Exercise data
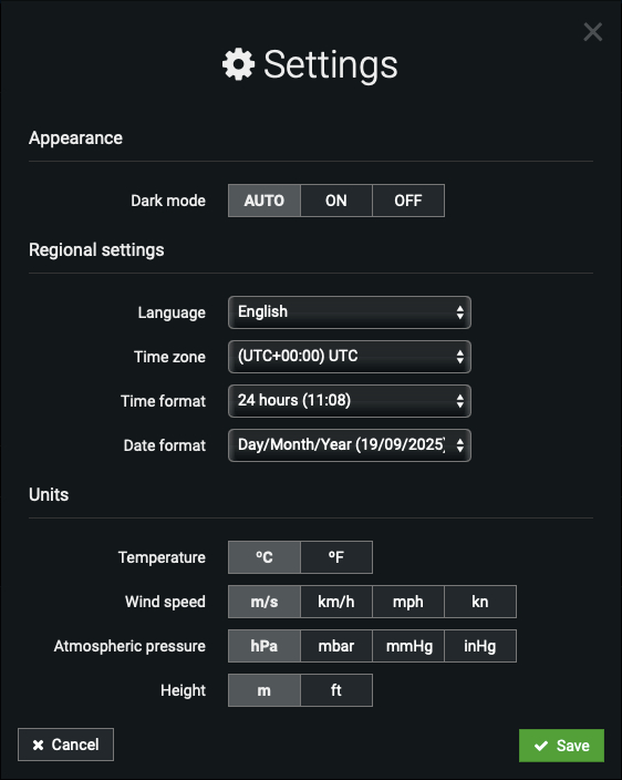 Activating dark mode is simple: just click the cog icon in the top-right corner of the screen or head to your Preferences page when logged in. For ultimate convenience, select the Auto option and Weathercloud will automatically match your system settings, switching seamlessly between light and dark.
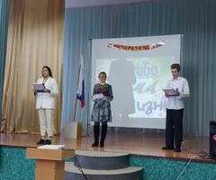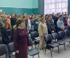 На линейке отмечены победительница областного фестиваля Шаброва Елизавета, стипендиат Законодательного Собрания Челябинской области Собин Иван.
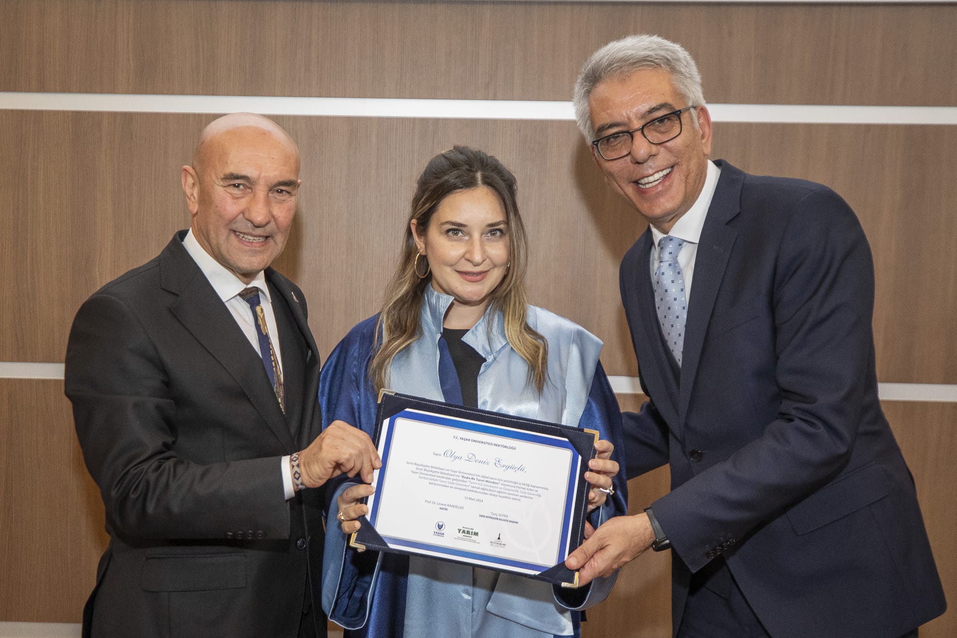 Yaşar Üniversitesi Rektörü Prof. Dr. Levent Kandiller ise, “Çok mutluyuz sizi yanımızda görmekten. Bize çok destek verdiniz. Seferihisar Belediye Başkanlığı döneminden itibaren 8 yıldır hep bize destek verdiniz, önümüzü açtınız, kolaylaştırıcı oldunuz. Biz minnettarız. Hep beraber güzel işler yapıyoruz. Beraber tasarlayıp beraber üretiyoruz. Ürettikçe büyüyoruz” dedi.

Your instructions
With the pictures omitted, print each line of the data above precisely as given.

Exercise answer
 Activating dark mode is simple: just click the cog icon in the top-right corner of the screen or head to your Preferences page when logged in. For ultimate convenience, select the Auto option and Weathercloud will automatically match your system settings, switching seamlessly between light and dark.
 На линейке отмечены победительница областного фестиваля Шаброва Елизавета, стипендиат Законодательного Собрания Челябинской области Собин Иван.
 Yaşar Üniversitesi Rektörü Prof. Dr. Levent Kandiller ise, “Çok mutluyuz sizi yanımızda görmekten. Bize çok destek verdiniz. Seferihisar Belediye Başkanlığı döneminden itibaren 8 yıldır hep bize destek verdiniz, önümüzü açtınız, kolaylaştırıcı oldunuz. Biz minnettarız. Hep beraber güzel işler yapıyoruz. Beraber tasarlayıp beraber üretiyoruz. Ürettikçe büyüyoruz” dedi.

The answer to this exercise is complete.